Он убьет ее, эту сучку, убьет.

Рябец сжимает сухие кулачки.

Смех из окна на втором этаже:

Ха-ха-ха-ха! Хо-хо-хо-хо! Хи-хи-хи-хи!

Этот последний — ее.

Рябец щупает шершавую стену — сухая, будет гореть так, что мама не горюй!

Первое — бензин. Не проблема. Машина у ворот.

Второе — шланг. Где шланг? Вот — дохлым ужом на сухой траве.

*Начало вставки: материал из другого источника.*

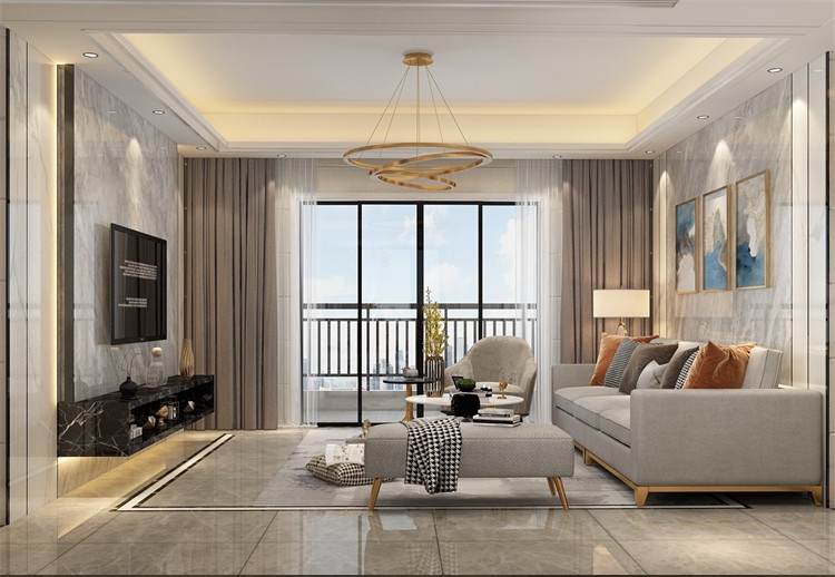 本案例是現(xiàn)代風(fēng)格,原因是客戶家里常住4口人,有夫妻2人,1個(gè)男孩子及1個(gè)女孩子,男業(yè)主是做物流管理的,經(jīng)常出差,裝修風(fēng)格喜歡現(xiàn)代感很強(qiáng)的,還有考慮到小朋友興趣愛(ài)好多,喜歡涂涂畫(huà)畫(huà),建議了業(yè)主墻身貼墻磚,本來(lái)業(yè)主打算在墻身貼墻布和護(hù)墻板,經(jīng)過(guò)一番溝通,最后選擇了墻磚。效果搭配,地面磚采用了高級(jí)流行灰結(jié)合波打線,空間區(qū)域感及功能性更明顯劃分出來(lái),電視背景利用了巖板大板磚,背景主體顏色采用奧特曼灰色與魚(yú)肚白間隔,大大增加了空間對(duì)比性,用懸空的大理石臺(tái)代替了傳統(tǒng)的電視柜,簡(jiǎn)潔大方且方便搞衛(wèi)生,再結(jié)合黑色不銹鋼裝飾條點(diǎn)綴收口處理,視覺(jué)感非常強(qiáng)。整個(gè)裝修過(guò)程中,業(yè)主只去了5次現(xiàn)場(chǎng),大部分時(shí)間都是在微信和電話溝通,最后現(xiàn)場(chǎng)按效果圖1:1還原出來(lái),實(shí)景圖比效果圖更有質(zhì)感,業(yè)主非常喜歡,還推薦了朋友給我們裝修。

Все сухо, сухо. И смех, смех. Пьяный, наглый. И музыка. И кто-то блюет.

Третье — бутылка. Вот банка под крыльцом. Даже две. По литру. Отлично!

Зубами, зубами Рябец отгрызает кусок — примерно с метр — черной плоти шланга-ужа. Вот-вот, вот-вот. Отвинчивает крышку бензобака. Теперь соси, ха-ха, соси! Едкий пар, еще, еще… До рвоты. Еще, ну, еще… Эро-тич-но! — сказал бы Болтянский. Его, Болтянского, смеха не слыхать, небось дрочит в коридоре… Ему тоже ни хера не достанется!

Полилось! Сперва в глотку, потом в банку. Литр. Льем. Еще литр. Все, больше не сосется. И хватит. Сушь такая, без бензина займется.

Теперь ждать. Накрыть банки да хоть полотенцем, чтоб не испарялось, и ждать-ждать-ждать.

Рябец отходит от дачи, садится спиной к липкому сосновому стволу. Ждать. Хорошо, собаки нет. Нет собаки.

Рука Рябца ужом в штаны… Нет, нельзя. Кончу — расслаблюсь. Нельзя — три года только о ней и думал. Руки прочь!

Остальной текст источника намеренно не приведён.